= Beginning of Section =
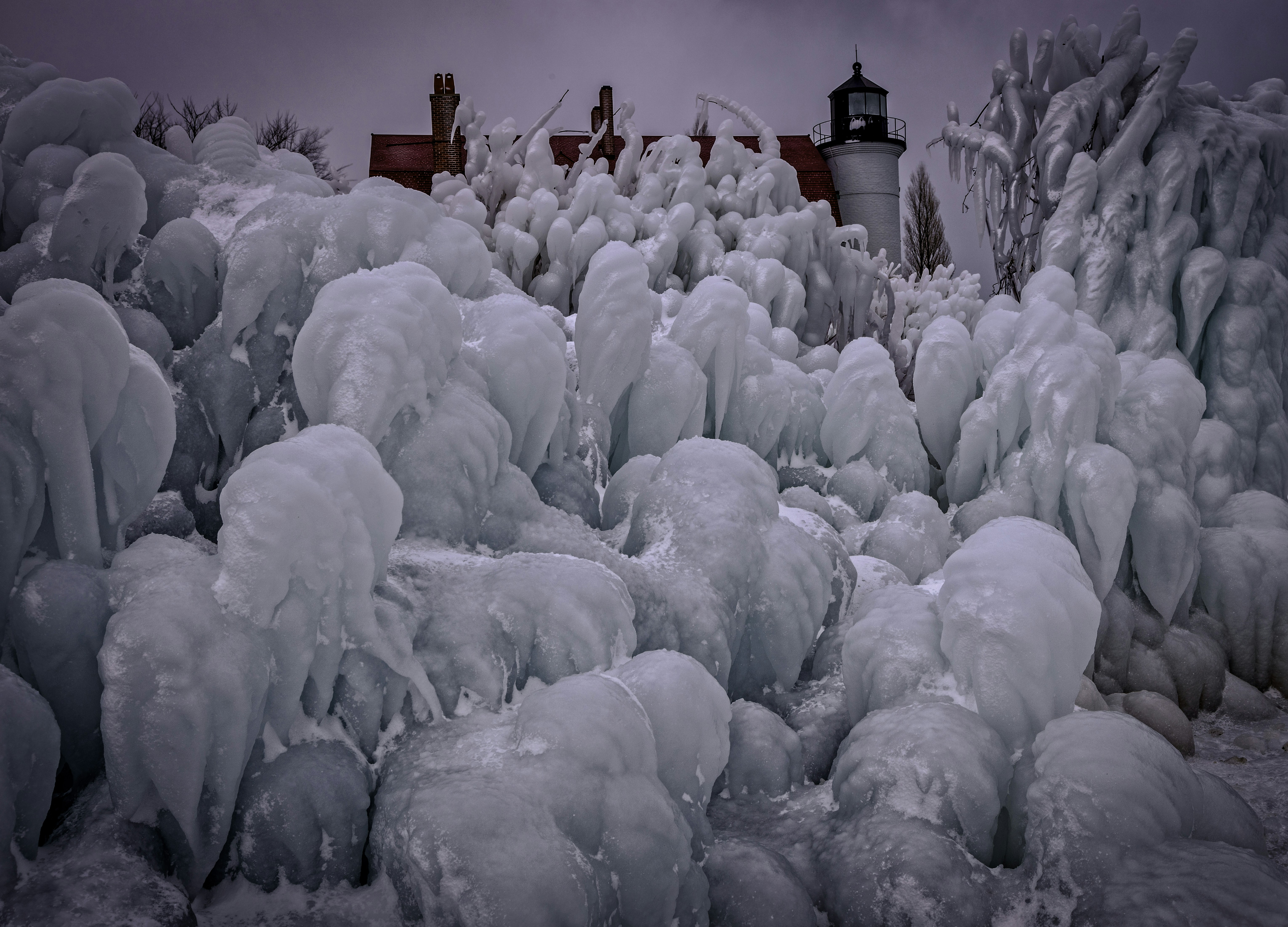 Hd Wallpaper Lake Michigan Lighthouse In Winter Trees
= End of Section =
= Beginning of Section =
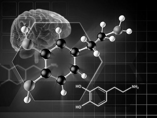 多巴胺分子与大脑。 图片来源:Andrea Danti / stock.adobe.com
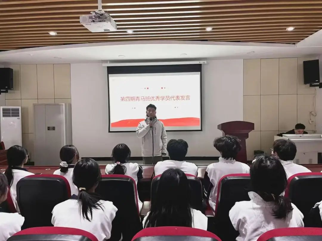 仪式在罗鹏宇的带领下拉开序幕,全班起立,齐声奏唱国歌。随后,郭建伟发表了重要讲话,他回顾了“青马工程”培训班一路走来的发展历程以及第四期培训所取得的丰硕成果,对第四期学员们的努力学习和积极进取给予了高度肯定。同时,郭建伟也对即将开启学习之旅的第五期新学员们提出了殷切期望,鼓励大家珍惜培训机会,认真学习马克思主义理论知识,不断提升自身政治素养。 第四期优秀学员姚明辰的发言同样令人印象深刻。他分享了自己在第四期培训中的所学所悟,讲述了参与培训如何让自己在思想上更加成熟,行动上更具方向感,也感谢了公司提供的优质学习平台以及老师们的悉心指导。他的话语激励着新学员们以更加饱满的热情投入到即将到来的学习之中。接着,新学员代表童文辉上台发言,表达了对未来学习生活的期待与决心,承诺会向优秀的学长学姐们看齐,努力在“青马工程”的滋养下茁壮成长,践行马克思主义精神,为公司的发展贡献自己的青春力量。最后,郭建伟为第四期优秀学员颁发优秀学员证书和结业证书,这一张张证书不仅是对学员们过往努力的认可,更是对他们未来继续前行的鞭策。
= End of Section =
= Beginning of Section =
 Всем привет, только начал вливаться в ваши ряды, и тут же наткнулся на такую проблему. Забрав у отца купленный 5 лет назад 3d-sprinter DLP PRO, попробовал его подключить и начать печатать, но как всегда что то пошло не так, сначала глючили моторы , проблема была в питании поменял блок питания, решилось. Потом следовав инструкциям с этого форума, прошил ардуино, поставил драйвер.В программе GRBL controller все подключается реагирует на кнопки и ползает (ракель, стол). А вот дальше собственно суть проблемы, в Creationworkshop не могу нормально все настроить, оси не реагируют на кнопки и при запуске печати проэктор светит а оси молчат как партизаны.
= End of Section =
_ASSIGNMENT_
Among the entries above, take the lines from the one with "多巴胺分子与大脑。 图片来源:Andrea Danti" through the one with "仪式在罗鹏宇的带领下拉开序幕" and retype them exactly, leaving out the pictures.

_FINISHED TASK_
 多巴胺分子与大脑。 图片来源:Andrea Danti / stock.adobe.com
 仪式在罗鹏宇的带领下拉开序幕,全班起立,齐声奏唱国歌。随后,郭建伟发表了重要讲话,他回顾了“青马工程”培训班一路走来的发展历程以及第四期培训所取得的丰硕成果,对第四期学员们的努力学习和积极进取给予了高度肯定。同时,郭建伟也对即将开启学习之旅的第五期新学员们提出了殷切期望,鼓励大家珍惜培训机会,认真学习马克思主义理论知识,不断提升自身政治素养。 第四期优秀学员姚明辰的发言同样令人印象深刻。他分享了自己在第四期培训中的所学所悟,讲述了参与培训如何让自己在思想上更加成熟,行动上更具方向感,也感谢了公司提供的优质学习平台以及老师们的悉心指导。他的话语激励着新学员们以更加饱满的热情投入到即将到来的学习之中。接着,新学员代表童文辉上台发言,表达了对未来学习生活的期待与决心,承诺会向优秀的学长学姐们看齐,努力在“青马工程”的滋养下茁壮成长,践行马克思主义精神,为公司的发展贡献自己的青春力量。最后,郭建伟为第四期优秀学员颁发优秀学员证书和结业证书,这一张张证书不仅是对学员们过往努力的认可,更是对他们未来继续前行的鞭策。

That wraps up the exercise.